Виктор видел свои ноги. Он мог их даже пощупать, но давно уже не делал этого, потому что знал, как они прохладны наощупь и вялы, — мертвые ноги. Пошел третий год его больничной жизни. Жена давно перестала приезжать и писать письма. Большую шахтерскую пенсию Виктору перечисляли на сберкнижку.
Он сидел дни напролет, а иногда и за полночь в кресле на колесах, рядом со столиком дежурной сестры, курил, смотрел и думал.
Хотя нет. Пожалуй, он не думал последнее время. Он не поспевал думать, теперь это было не нужно ему. Только смотреть. Только не пропустить ничего в медленно движущейся, шаркающей, гулко хлопающей дверями больничной жизни. Виктор глядел на эту жизнь, как глядят на экран, но не участвовал в ней; он чего-то жадно ждал от нее, как ждут в кино: не для себя, и невесть чего, и все волнующе важно. И не нужно думать. Только смотреть и ждать.
Виктор взглядывал в глаза идущим мимо врачам, все врачи держались очень прямо, двигались стремительно-бодро. Виктор хотел поймать их глаза, но это никогда не удавалось ему.
Во впускные дни являлись посетители. Старенькие мамаши терялись в большом больничном коридоре. Общительны, улыбчиво-деятельны были жены, они справляли себе пропуска и могли приходить в неурочное время. Оранжево лоснились мандарины в сетках у сослуживцев; сослуживцы были громкоголосы и доверительно требовали от лечащих врачей полного ответа.

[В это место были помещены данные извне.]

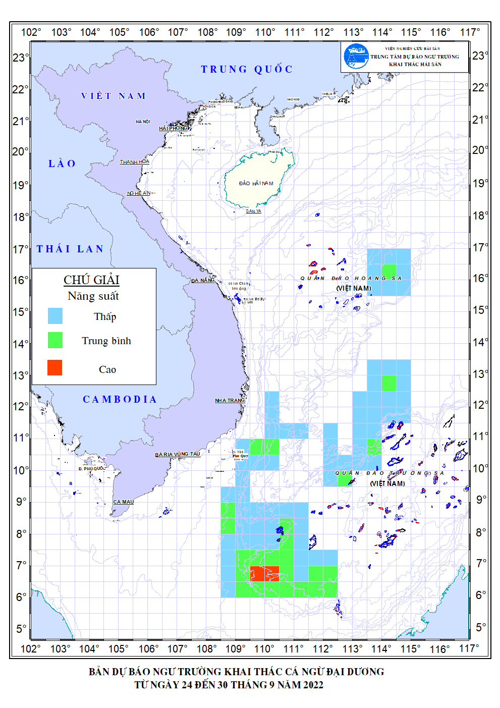 Trang nhất/ Dự báo khai thác theo nghề Dự báo nghề câu cá ngừ đại dương từ 24-30/9/2022 Mùa vụ: Vụ Nam () | Năm dự báo: 2022 | Tháng dự báo: 09/2022 Nghề: Câu cá ngừ đại dương Cơ quan dự báo: Trung tâm Dự báo ngư trường Khai thác hải sản
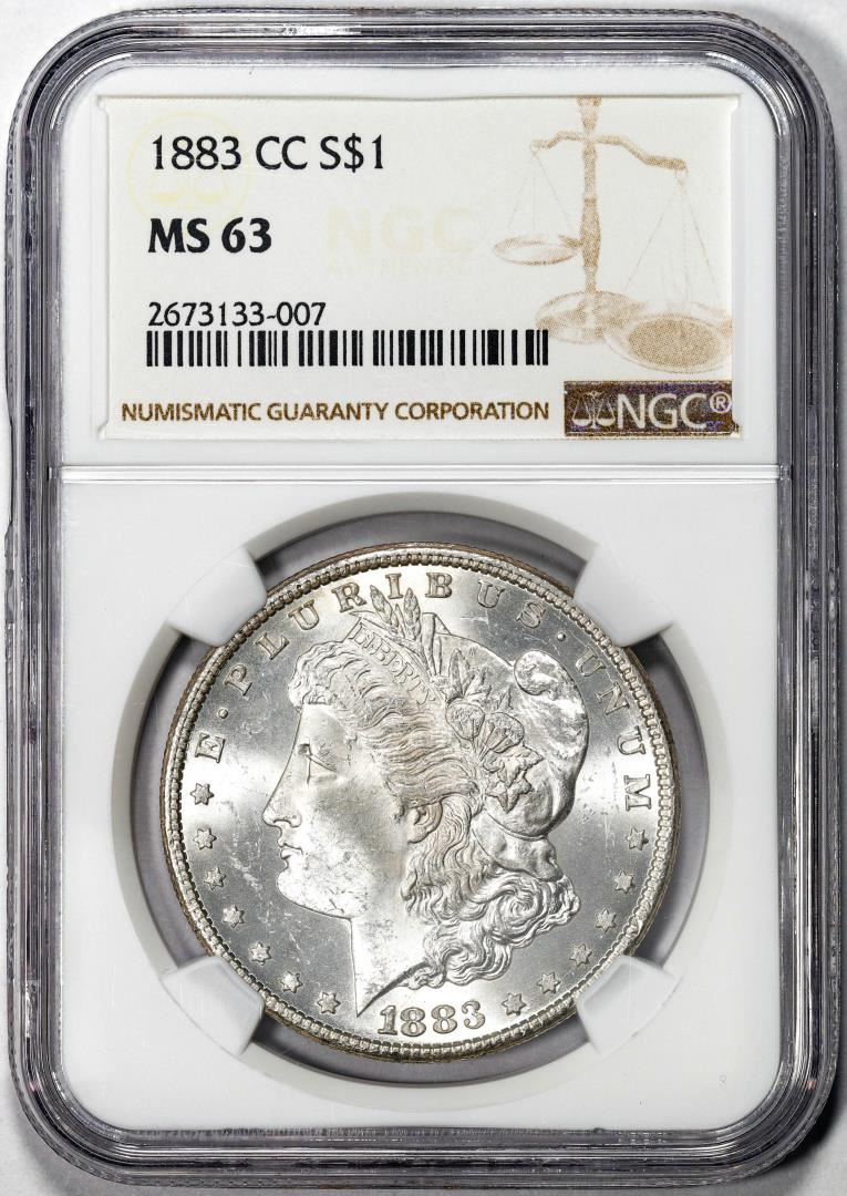 One 1883-CC $1 Morgan Silver Dollar Coin NGC MS63.

Санитарки проходили мимо Виктора и будто дорожили этой минутой ходьбы, когда не нужно сгибаться, возить мокрой тряпкой под кроватями в тесных палатах, когда можно дать маленький отдых своей пояснице. Санитарки все были одинаково широки в кости, одинаково прочно ставили ноги и, ступая, почти что не отрывали их от пола. Каждая санитарка, Виктор знал это, могла приобнять его под мышки, прихватить его мертвые ноги и отнести из кресла в кровать. Все они что-нибудь говорили Виктору, «Эва, пеплу-то натряс, куритель, — ворчала одна, — нам ведь за тобой прибирать». «Женился бы хоть на мне, чем так сидеть, — подшучивала другая, — по мне без ног дак еще и лучше: не убежишь». «Здравствуй, соколик, — привечала третья, — с праздником тебя!»
Виктор улыбался санитаркам. И посетителям он тоже улыбался. Всякому улыбался, кто заговаривал с ним.
Начальник отделения профессор Корецкий обращался к Виктору всегда гневливо, но гнев этот был как бы не всерьез, а по долгу взыскательной, отеческой доброты. Виктору слышался только голос профессора. Слова же не имели для Виктора смысла и силы.
— Зачем ты куришь, Марьянов? — рокотал профессор на весь коридор. — Еще со времени Гиппократа существует поговорка: маленький дурак — тоже дурак. Умные люди беспрекословно выполняют требования, которые им предъявляет медицина. Ты на медицину в претензии, а сам не можешь взять себя в руки.